Supplied data:
╭──

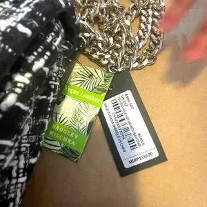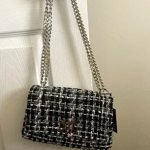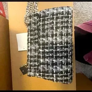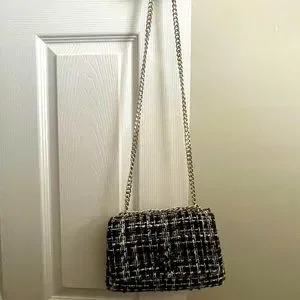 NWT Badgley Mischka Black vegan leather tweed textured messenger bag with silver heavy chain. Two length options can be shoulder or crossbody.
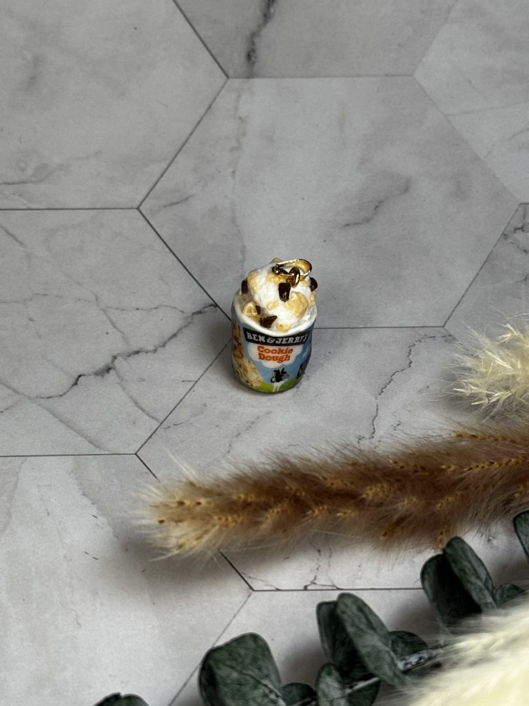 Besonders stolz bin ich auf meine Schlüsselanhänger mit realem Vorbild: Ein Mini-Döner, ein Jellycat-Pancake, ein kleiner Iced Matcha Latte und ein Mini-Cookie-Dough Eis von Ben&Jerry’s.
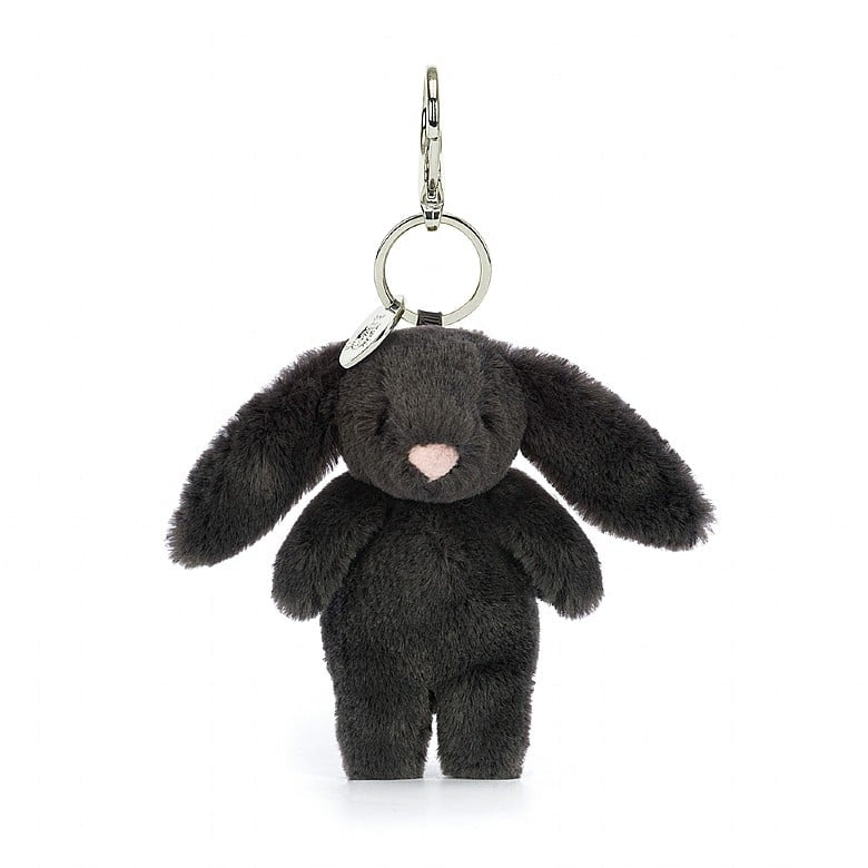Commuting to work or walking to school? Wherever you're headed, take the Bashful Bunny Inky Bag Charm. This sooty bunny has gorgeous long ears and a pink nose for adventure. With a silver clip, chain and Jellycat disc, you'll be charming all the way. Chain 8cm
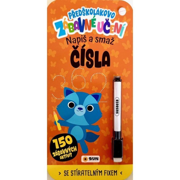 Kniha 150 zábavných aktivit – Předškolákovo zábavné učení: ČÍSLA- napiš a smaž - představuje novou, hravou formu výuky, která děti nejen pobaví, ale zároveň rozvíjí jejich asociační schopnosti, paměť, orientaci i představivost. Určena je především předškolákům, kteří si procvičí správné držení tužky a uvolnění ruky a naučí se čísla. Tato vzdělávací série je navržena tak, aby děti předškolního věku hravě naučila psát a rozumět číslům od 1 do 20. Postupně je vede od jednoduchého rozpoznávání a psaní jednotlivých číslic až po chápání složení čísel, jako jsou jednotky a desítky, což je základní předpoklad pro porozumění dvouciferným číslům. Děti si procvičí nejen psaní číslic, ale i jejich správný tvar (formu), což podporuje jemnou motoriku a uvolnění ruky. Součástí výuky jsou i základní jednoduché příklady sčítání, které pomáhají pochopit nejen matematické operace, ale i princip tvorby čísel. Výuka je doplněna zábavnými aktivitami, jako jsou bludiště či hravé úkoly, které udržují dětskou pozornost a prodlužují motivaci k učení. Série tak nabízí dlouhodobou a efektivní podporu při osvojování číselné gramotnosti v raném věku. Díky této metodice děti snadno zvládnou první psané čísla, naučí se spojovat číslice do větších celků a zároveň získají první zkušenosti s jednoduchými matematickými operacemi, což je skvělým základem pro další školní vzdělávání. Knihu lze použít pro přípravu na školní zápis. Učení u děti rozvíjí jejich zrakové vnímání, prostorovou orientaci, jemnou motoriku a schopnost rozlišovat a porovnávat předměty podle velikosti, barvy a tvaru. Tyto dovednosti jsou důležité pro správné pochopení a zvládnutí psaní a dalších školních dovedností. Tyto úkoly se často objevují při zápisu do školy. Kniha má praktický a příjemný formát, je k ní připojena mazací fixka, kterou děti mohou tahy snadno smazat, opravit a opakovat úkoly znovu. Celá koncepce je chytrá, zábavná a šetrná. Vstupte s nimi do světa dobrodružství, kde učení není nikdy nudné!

╰──

Exercise requirements: Copy everything above from the line holding "Besonders stolz bin" down to the line holding "Commuting to work", both ends included, exactly as it stands and without the pictures.

Final answer:
 Besonders stolz bin ich auf meine Schlüsselanhänger mit realem Vorbild: Ein Mini-Döner, ein Jellycat-Pancake, ein kleiner Iced Matcha Latte und ein Mini-Cookie-Dough Eis von Ben&Jerry’s.
Commuting to work or walking to school? Wherever you're headed, take the Bashful Bunny Inky Bag Charm. This sooty bunny has gorgeous long ears and a pink nose for adventure. With a silver clip, chain and Jellycat disc, you'll be charming all the way. Chain 8cm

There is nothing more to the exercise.